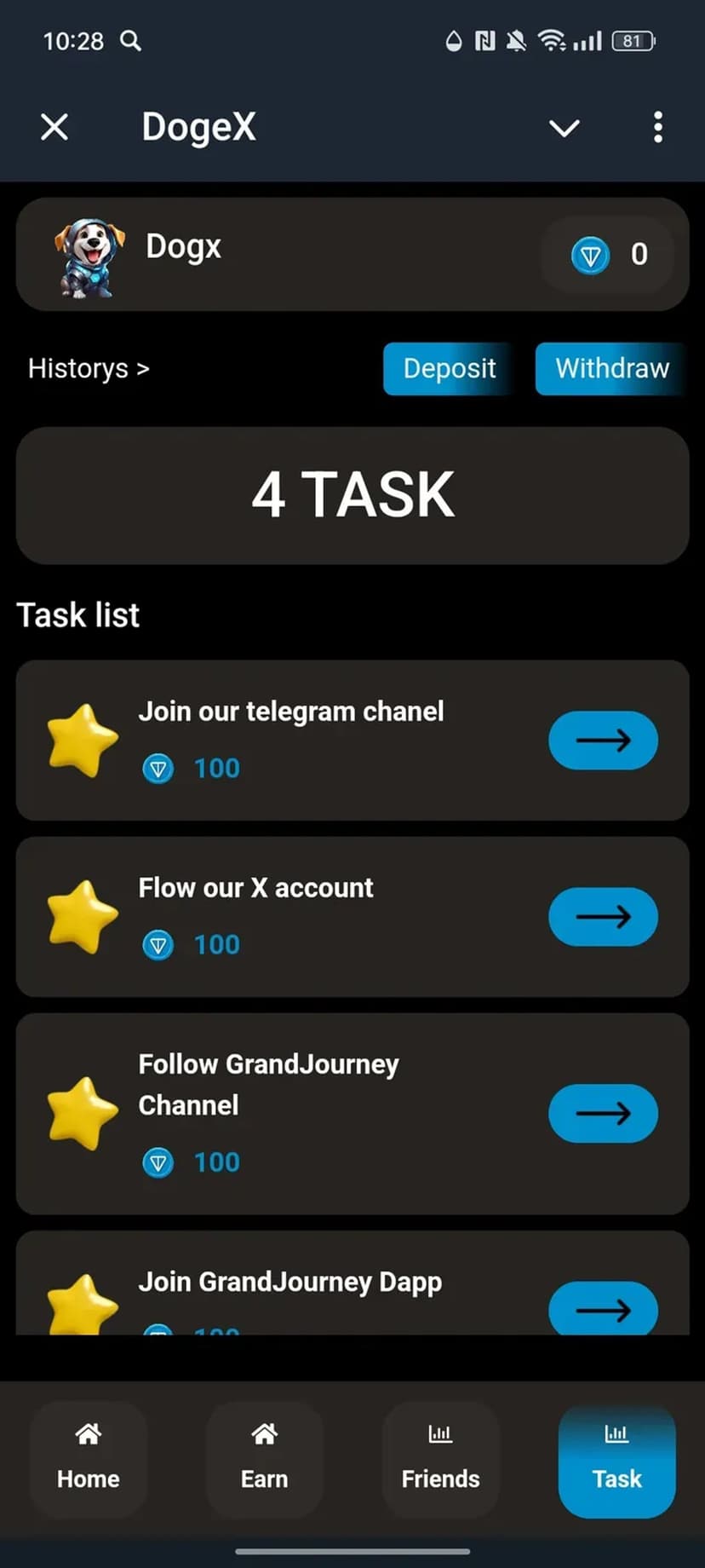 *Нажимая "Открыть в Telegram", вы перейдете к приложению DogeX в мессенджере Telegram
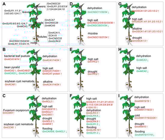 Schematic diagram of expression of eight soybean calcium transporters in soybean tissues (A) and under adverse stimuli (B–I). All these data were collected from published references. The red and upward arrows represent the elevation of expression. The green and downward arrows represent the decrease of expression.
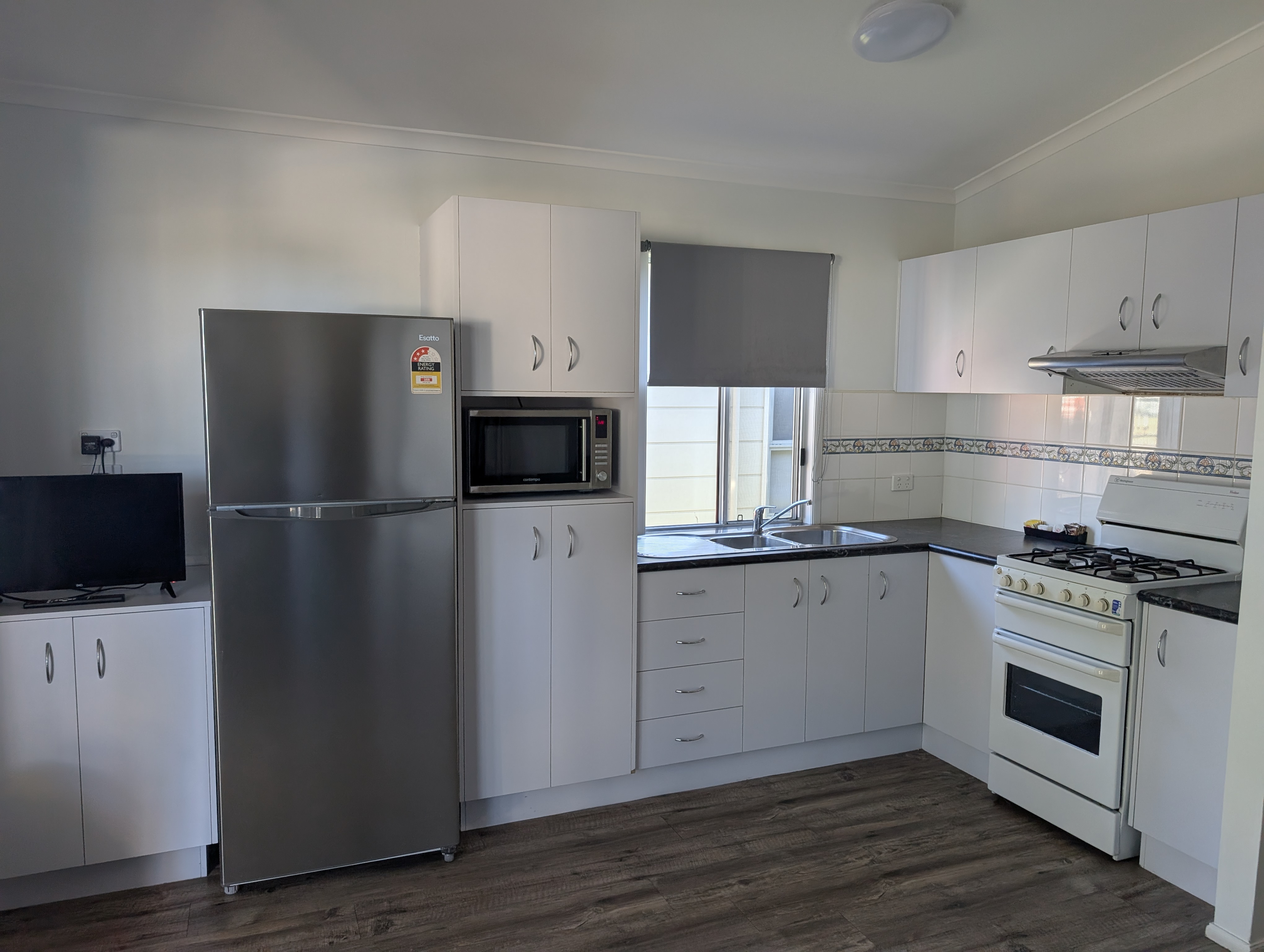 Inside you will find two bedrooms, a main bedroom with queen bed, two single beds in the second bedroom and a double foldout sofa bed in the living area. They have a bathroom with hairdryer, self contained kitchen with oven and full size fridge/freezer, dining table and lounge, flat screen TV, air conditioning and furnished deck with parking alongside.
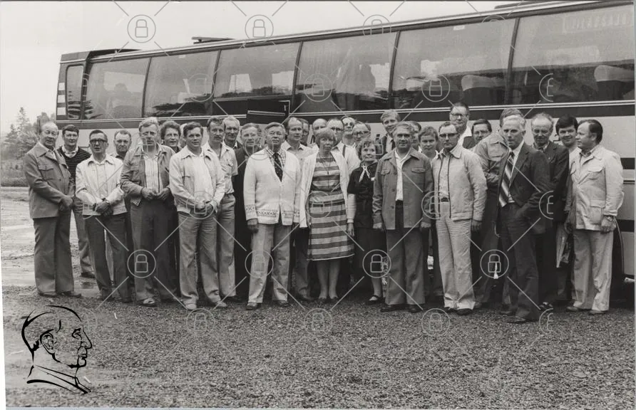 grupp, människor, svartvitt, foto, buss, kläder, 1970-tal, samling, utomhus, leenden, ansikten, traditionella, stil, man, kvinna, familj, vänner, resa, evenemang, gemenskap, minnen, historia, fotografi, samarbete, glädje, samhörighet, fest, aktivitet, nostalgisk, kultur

» **Your instructions**
Your copy should hold exactly the lines from the line containing "Schematic diagram of" through the last line of the listing above, both included, and no pictures.

» **Output of the exercise**
 Schematic diagram of expression of eight soybean calcium transporters in soybean tissues (A) and under adverse stimuli (B–I). All these data were collected from published references. The red and upward arrows represent the elevation of expression. The green and downward arrows represent the decrease of expression.
 Inside you will find two bedrooms, a main bedroom with queen bed, two single beds in the second bedroom and a double foldout sofa bed in the living area. They have a bathroom with hairdryer, self contained kitchen with oven and full size fridge/freezer, dining table and lounge, flat screen TV, air conditioning and furnished deck with parking alongside.
 grupp, människor, svartvitt, foto, buss, kläder, 1970-tal, samling, utomhus, leenden, ansikten, traditionella, stil, man, kvinna, familj, vänner, resa, evenemang, gemenskap, minnen, historia, fotografi, samarbete, glädje, samhörighet, fest, aktivitet, nostalgisk, kultur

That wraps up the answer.